A two-dimensional pyrolysis process to concentrate nicotine during tobacco leaf bio-oil production

Pyrolysis is a simple, inexpensive and arguably safer method to recover high-value products from plants relative to solvent extraction processes. In order to optimize pyrolysis conditions to improve the separation of selected compounds, a novel reactor-condenser chain process was developed to isolate nicotine from tobacco leaf. Ground tobacco (Nicotiana tabacum) leaf (<1 mm) was pyrolyzed at 10 °C/min from ambient to 275 °C using a two-dimensional (2-D) mechanically fluidized reactor (MFR). The gases formed in the reactor would either condense in the hot (180, 190, 200 or 240 °C) or the cold (4 °C) condenser based on the boiling point of the chemicals in the vapors produced. The 2-D MFR operating conditions were optimized by a two-step process: (1) vapors were generated between ambient to 275 °C and the hot condenser temperature was varied to determine which yielded the highest nicotine concentration and recovery; and (2) the hot condenser temperature was kept constant while the best reactor temperature cut was determined.

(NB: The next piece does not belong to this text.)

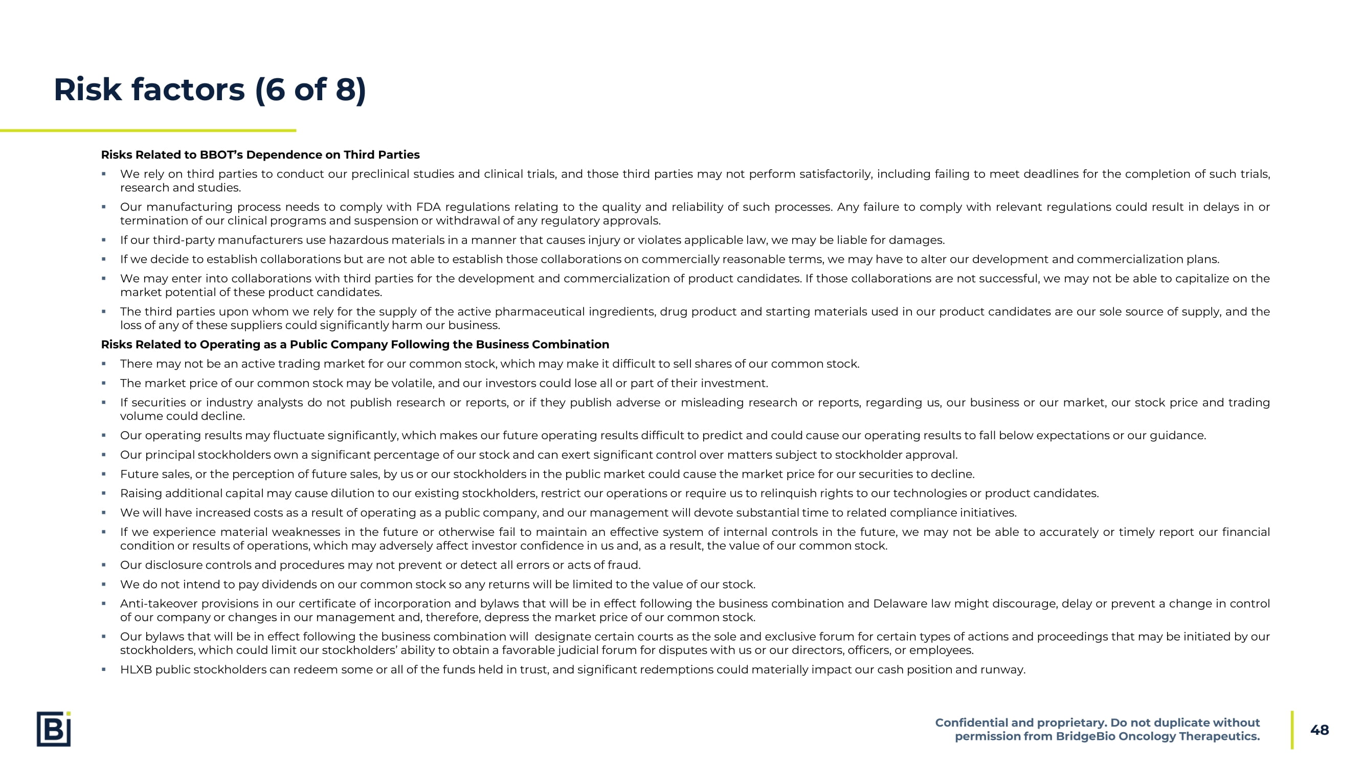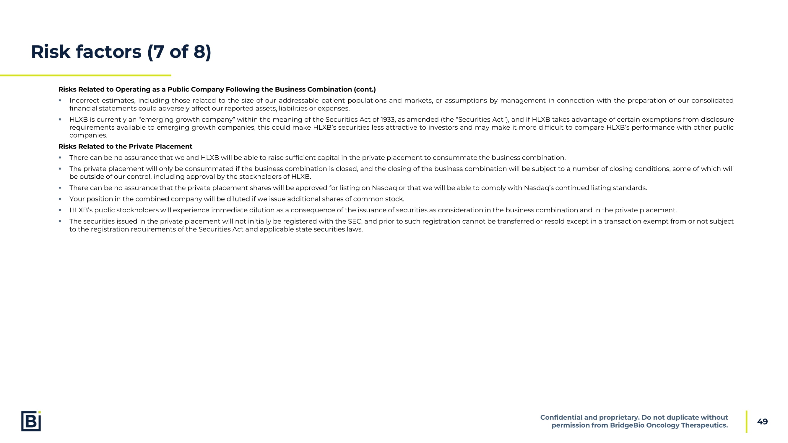 Risk factors (6 of 8) 48 Confidential and proprietary. Do not duplicate without permission from BridgeBio Oncology Therapeutics. Risks Related to BBOT’s Dependence on Third Parties ▪ We rely on third parties to conduct our preclinical studies and clinical trials, and those third parties may not perform satisfactorily, including failing to meet deadlines for the completion of such trials, research and studies . ▪ Our manufacturing process needs to comply with FDA regulations relating to the quality and reliability of such processes . Any failure to comply with relevant regulations could result in delays in or termination of our clinical programs and suspension or withdrawal of any regulatory approvals . ▪ If our third - party manufacturers use hazardous materials in a manner that causes injury or violates applicable law, we may be liable for damages . ▪ If we decide to establish collaborations but are not able to establish those collaborations on commercially reasonable terms, we may have to alter our development and commercialization plans . ▪ We may enter into collaborations with third parties for the development and commercialization of product candidates . If those collaborations are not successful, we may not be able to capitalize on the market potential of these product candidates . ▪ The third parties upon whom we rely for the supply of the active pharmaceutical ingredients, drug product and starting materials used in our product candidates are our sole source of supply, and the loss of any of these suppliers could significantly harm our business . Risks Related to Operating as a Public Company Following the Business Combination ▪ There may not be an active trading market for our common stock, which may make it difficult to sell shares of our common stock . ▪ The market price of our common stock may be volatile, and our investors could lose all or part of their investment . ▪ If securities or industry analysts do not publish research or reports, or if they publish adverse or misleading research or reports, regarding us, our business or our market, our stock price and trading volume could decline . ▪ Our operating results may fluctuate significantly, which makes our future operating results difficult to predict and could cause our operating results to fall below expectations or our guidance . ▪ Our principal stockholders own a significant percentage of our stock and can exert significant control over matters subject to stockholder approval . ▪ Future sales, or the perception of future sales, by us or our stockholders in the public market could cause the market price for our securities to decline . ▪ Raising additional capital may cause dilution to our existing stockholders, restrict our operations or require us to relinquish rights to our technologies or product candidates . ▪ We will have increased costs as a result of operating as a public company, and our management will devote substantial time to related compliance initiatives . ▪ If we experience material weaknesses in the future or otherwise fail to maintain an effective system of internal controls in the future, we may not be able to accurately or timely report our financial condition or results of operations, which may adversely affect investor confidence in us and, as a result, the value of our common stock . ▪ Our disclosure controls and procedures may not prevent or detect all errors or acts of fraud . ▪ We do not intend to pay dividends on our common stock so any returns will be limited to the value of our stock . ▪ Anti - takeover provisions in our certificate of incorporation and bylaws that will be in effect following the business combination and Delaware law might discourage, delay or prevent a change in control of our company or changes in our management and, therefore, depress the market price of our common stock . ▪ Our bylaws that will be in effect following the business combination will designate certain courts as the sole and exclusive forum for certain types of actions and proceedings that may be initiated by our stockholders, which could limit our stockholders’ ability to obtain a favorable judicial forum for disputes with us or our directors, officers, or employees . ▪ HLXB public stockholders can redeem some or all of the funds held in trust, and significant redemptions could materially impact our cash position and runway .

Nicotine recovery was optimal with a condenser temperature of 190 °C. A 25% nicotine concentration in the bio-oil was obtained with a nicotine recovery of 92% as the reactor temperature was increased from ambient to 275 °C. Narrowing the reactor temperature range between 260 and 275 °C maximized the nicotine concentration, as the bio-oil had a 56% nicotine concentration, with a nicotine recovery of 21%. The 2-D pyrolysis process represents a significant improvement over solvent extraction and is potentially applicable for valuable chemical recovery from biomass.